El desembarco de Normandía supuso un antes y un después en el devenir de la II Guerra Mundial. Cuando nos separan setenta años de la madre de todas las batallas, las potencias aliadas han querido enfatizar en Francia –sobre las playas de arena blanca que en su día se tiñeron de sangre– la victoria de la democracia sobre el nazismo y el fascismo.
Bien es verdad que las tropas del III Reich estaban ya muy tocadas tras la contundente derrota sufrida en el frente ruso. Algunos historiadores, incluso, señalan que la denominada en clave ‘Operación Neptuno’ no fue sino un intento de frenar el avance del Ejército Rojo hasta el corazón de París y, también, de retomar el protagonismo de Occidente cuando la contienda comenzaba a ponerse de su lado.

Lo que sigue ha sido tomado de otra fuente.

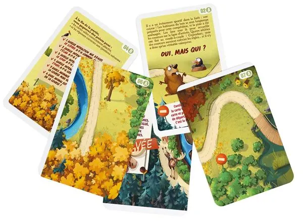 Parlez aux animaux de la course et découvrez ce qu'ils savent ! Attention aux fausses pistes, vous devez décider quelles cartes peuvent vous aider à résoudre l'affaire de cette mystérieuse triche... Les joueurs choisissent les cartes et les assemblent pour dresser un tableau complet de ce qui est arrivé. Vous devrez répondre à quelques questions et décrire ce qui s'est passé et pourquoi.
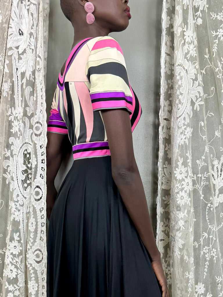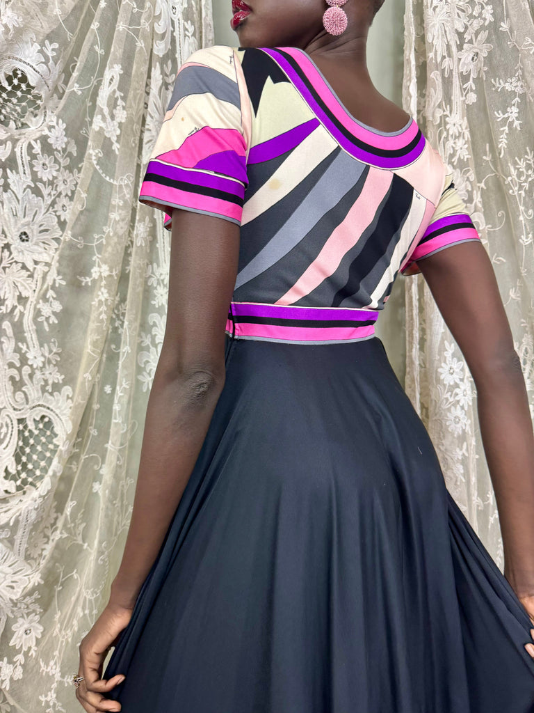 This iconic Pucci 70s dress boasts a fluid 360 degree wide skirt and a round neckline with a stunning signed print top. Made from luxurious silk, it features short sleeves and a back zip for added elegance. Make a statement at any event with this iconic and timeless piece.

El Día ‘D’ también entrañó para España un giro copernicano. Desde la primavera de 1944, a raíz de que el Eje Berlín-Roma comenzara a sufrir revés tras revés militar, el régimen franquista se vio en la obligación de cambiar de estrategia o, dicho de otro modo, de chaqueta. Un repaso a las hemerotecas de los periódicos españoles sería suficiente muestra para comprobar tan increíble permuta. En apenas un año, la dictadura pasó de colaborar militarmente con el fürher a lavarse las manos cuando EEUU o Reino Unido reclamaban a los países ‘neutrales’ la entrega de súbditos alemanes o pronazis.
Todavía hay quien defiende que el caudillo evitó la entrada de España en la II Guerra Mundial tras la entrevista de Hendaya (23 de octubre de 1940). Nada más alejado de la realidad. Uno de los axiomas hagiográficos sobre los que se construyó el franquismo, se desmorona cuando hoy sabemos lo que Hitler, no sólo rechazó las condiciones del dictador español para entrar en la guerra sino que, además, días después confesó a Mussolini: «Prefiero que me saquen tres muelas antes de tener que aguantar otra vez nueve horas a Franco».